[About this exercise] Your reply should set down word for word each line below from the one with "A great example" through the final line, both included, but none of the pictures.

[Information provided]
--------------------

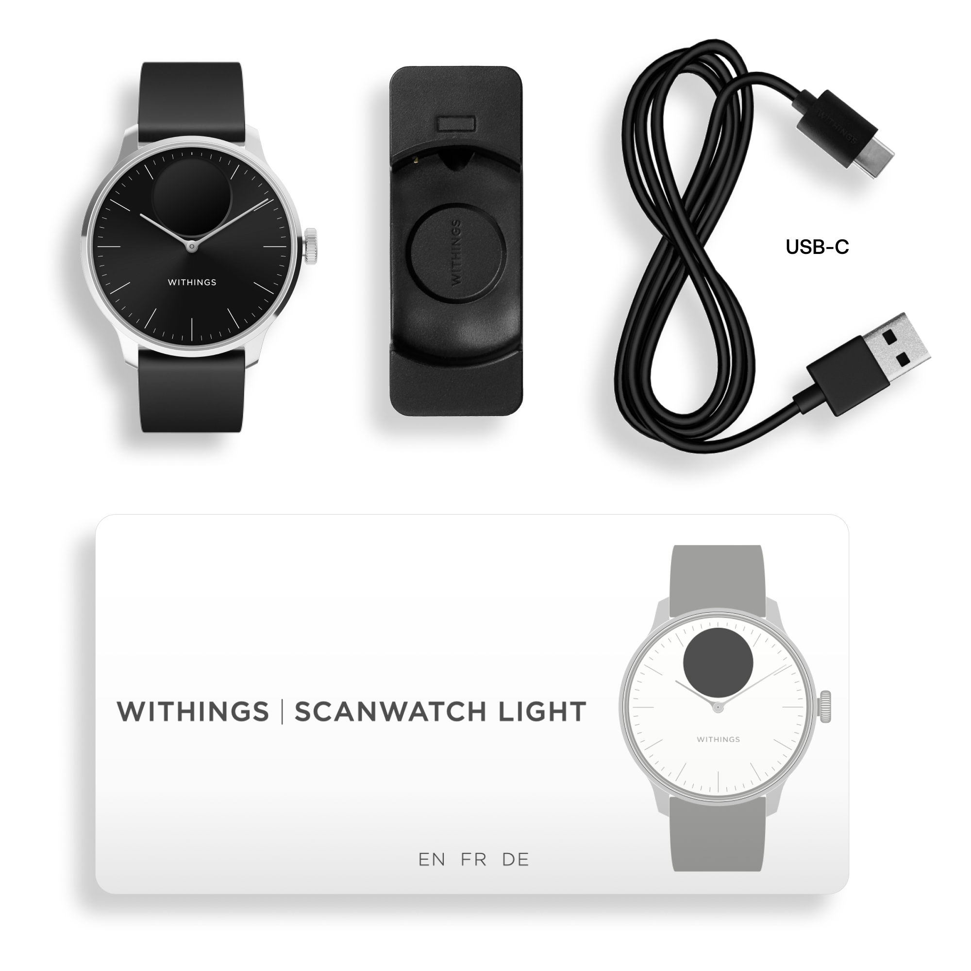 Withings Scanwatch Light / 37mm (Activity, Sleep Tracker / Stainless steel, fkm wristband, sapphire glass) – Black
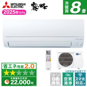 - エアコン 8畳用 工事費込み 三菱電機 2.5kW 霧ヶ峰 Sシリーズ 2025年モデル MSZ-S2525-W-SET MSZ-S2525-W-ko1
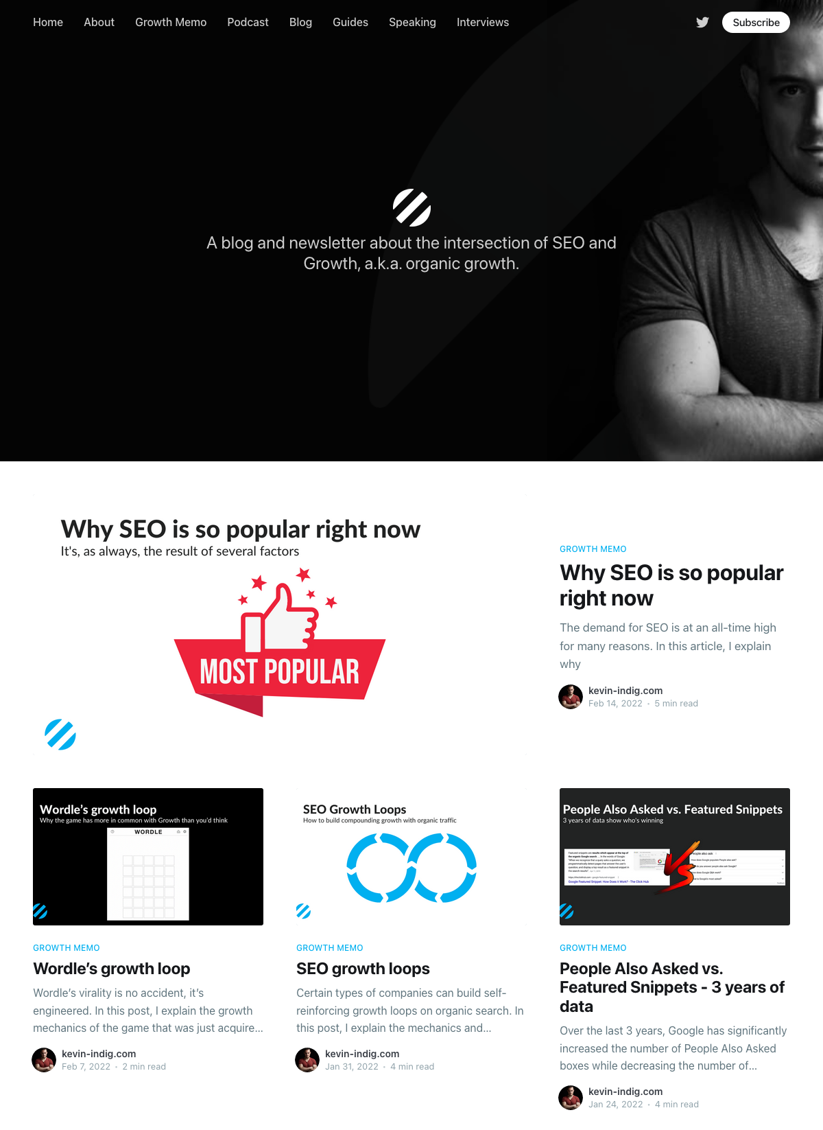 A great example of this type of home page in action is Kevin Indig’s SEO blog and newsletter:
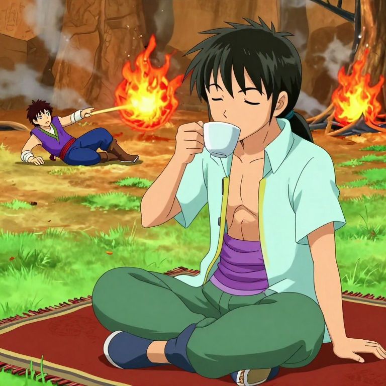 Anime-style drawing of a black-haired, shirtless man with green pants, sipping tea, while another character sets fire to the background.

--------------------

[Solution to the exercise]
 A great example of this type of home page in action is Kevin Indig’s SEO blog and newsletter:
 Anime-style drawing of a black-haired, shirtless man with green pants, sipping tea, while another character sets fire to the background.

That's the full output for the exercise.